Data shown>
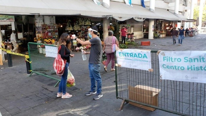 Debido a que no cumplían con las medidas sanitarias, 32 comerciantes de tianguis fueron suspendidos por autoridades municipales de Guadalajara.El Ayuntamiento tapatío reportó que intervinieron en 90 tianguis con filtros sanitarios, lo que dejó como saldo 138 apercibimientos y la suspensión a la treintena de vendedores que no respetaron las disposiciones sanitarias.En total las autoridades municipales han emitido mil 918 exhortos a personas para que cumplan las medidas y elementos de la Policía de Guadalajara han disuelto 472 reuniones desde el inicio de las actuales restricciones para prevenir contagios de COVID-19.El personal de Inspección y Vigilancia ha visitado casi 3 mil negocios, han realizado seis clausuras; tres a bares, una franquicia de hamburguesas, un negocio de alitas y una venta de cerveza anexo a restaurante, se dejaron 40 apercibimientos, hubo cinco infracciones y un resello.Además, han realizado trabajos de supervisión en 92 mercados municipales y en los cinco panteones municipales, a la vez que se cerraron espacios públicos como el camellón de Chapultepec, Parque Revolución, Plutarco Elías Calles, Normalistas, parques lineales, Paseo Alcalde, Pablo Neruda y Montevideo, entre otros.Igualmente, se mantuvieron cerradas 49 unidades deportivas y en 35 que no cuentan con barrera perimetral se hizo vigilancia especial, invitando a 725 personas a retirarse.Juan Manuel Munguía, coordinador de Desarrollo Económico y Combate a la Desigualdad, informó que ante la gran actividad económica que se genera en el Centro Histórico de Guadalajara se colocaron 21 filtros sanitarios, y en los tianguis de El Baratillo y Polanco se implementó una vigilancia para ingresar.LS
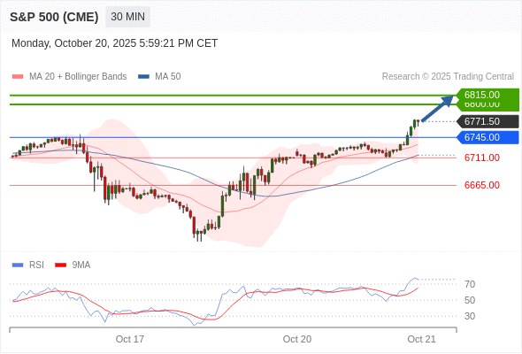 在 6745.00 之上,看涨,目标价位为 6800.00 ,然后为 6815.00 。
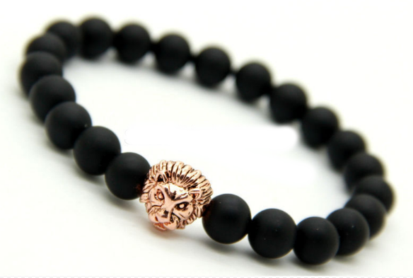 This Rose Gold colored Lion Bracelet is stunning.  The Shade of the lion really makes the bracelet pop, and the elegance of the matte black beads keep the piece simple and beautiful.
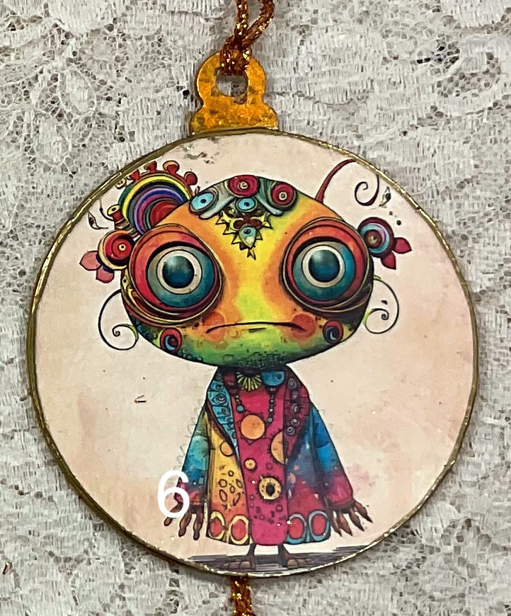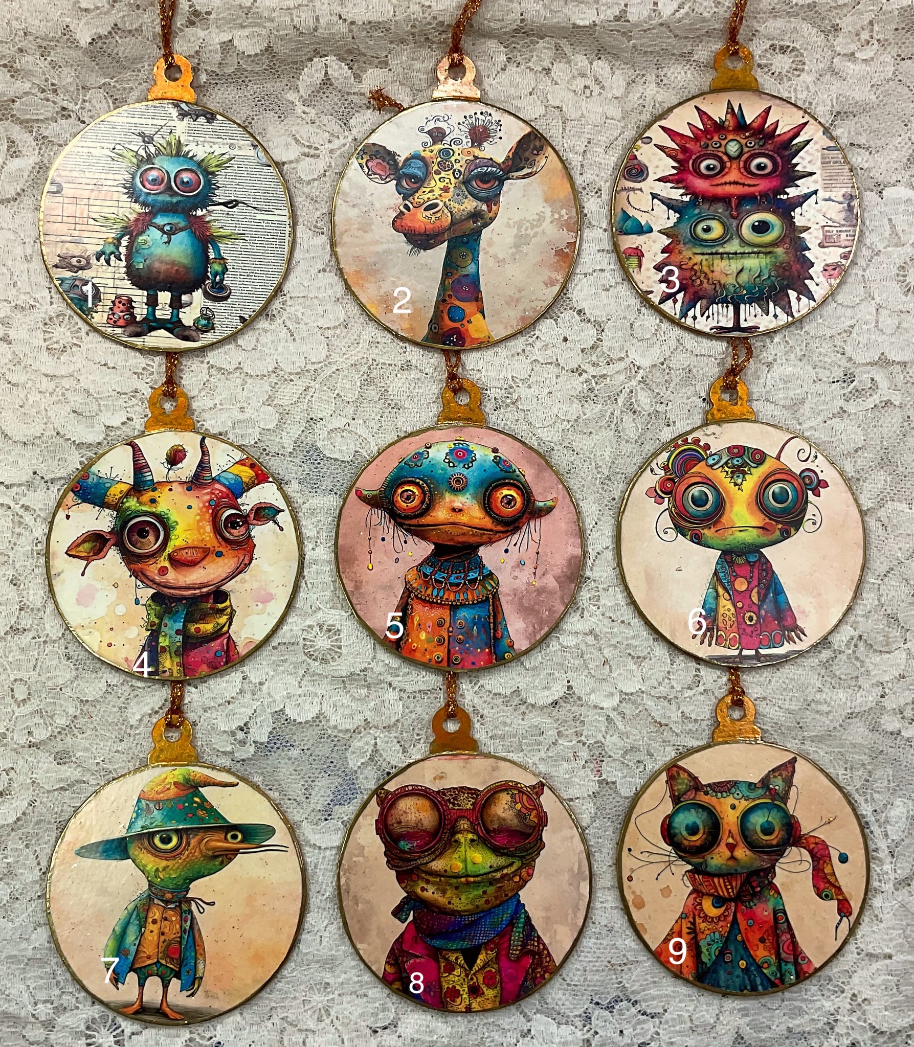 A wonderful assortment of funny funky creatures ornaments to decorate your tree, hang in a window, or give as a gift. The prints are outlined with gold, and have a sparkly antique gold yarn for hanging. Double sided, back paper is a colorful complimentary paper.. For everyone who loves funny creatures!
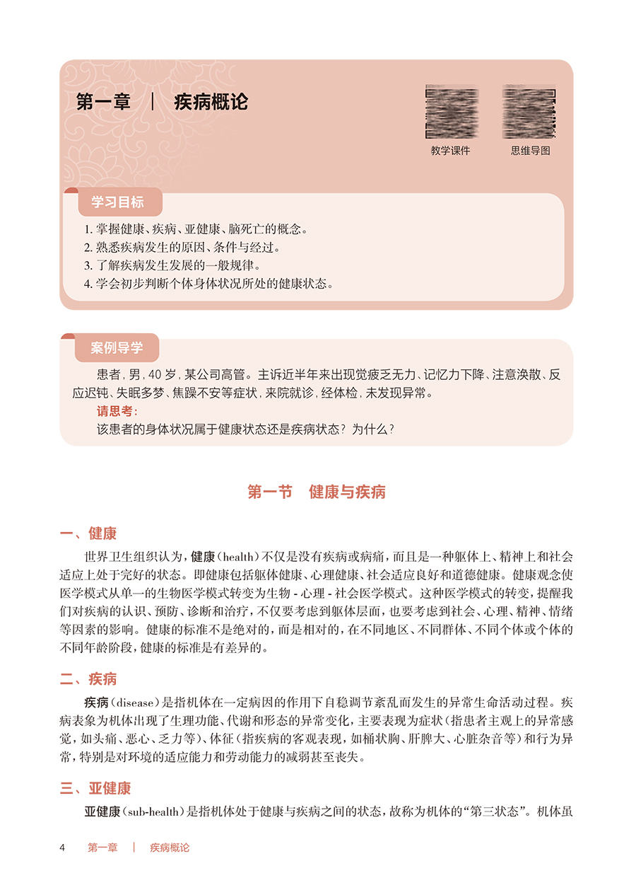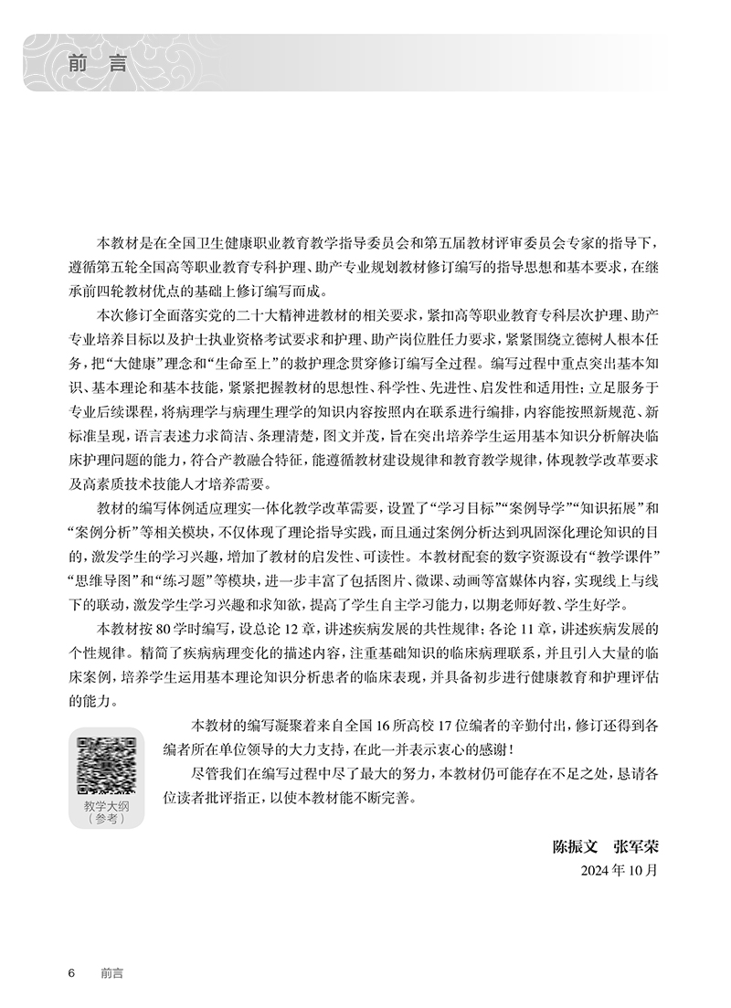 本教材为高等职业教育专科护理类专业“十四五”规划教材之一、国家卫生健康委员会“十四五”规划教材之一。本教材以高等职业教育护理、助产专业的人才培养目标为出发点,突出基本理论、基本知识、基本技能,紧紧把握教材的思想性、科学性、先进性、启发性和适用性;充分考虑护理、助产专业的特点,紧扣国家执业护士考试大纲,立足服务于专业后继课程;将病理学与病理生理学的知识内容按照内在的联系进一步优化章节顺序和结构,语言表述力求简洁、条理、清楚,图文并茂,以期老师“好教”、学生“好学”。

Activity> All lines from the one that contains "A wonderful assortment" through the last line of the data should be retyped exactly, with the pictures left out.

Solution>
 A wonderful assortment of funny funky creatures ornaments to decorate your tree, hang in a window, or give as a gift. The prints are outlined with gold, and have a sparkly antique gold yarn for hanging. Double sided, back paper is a colorful complimentary paper.. For everyone who loves funny creatures!
 本教材为高等职业教育专科护理类专业“十四五”规划教材之一、国家卫生健康委员会“十四五”规划教材之一。本教材以高等职业教育护理、助产专业的人才培养目标为出发点,突出基本理论、基本知识、基本技能,紧紧把握教材的思想性、科学性、先进性、启发性和适用性;充分考虑护理、助产专业的特点,紧扣国家执业护士考试大纲,立足服务于专业后继课程;将病理学与病理生理学的知识内容按照内在的联系进一步优化章节顺序和结构,语言表述力求简洁、条理、清楚,图文并茂,以期老师“好教”、学生“好学”。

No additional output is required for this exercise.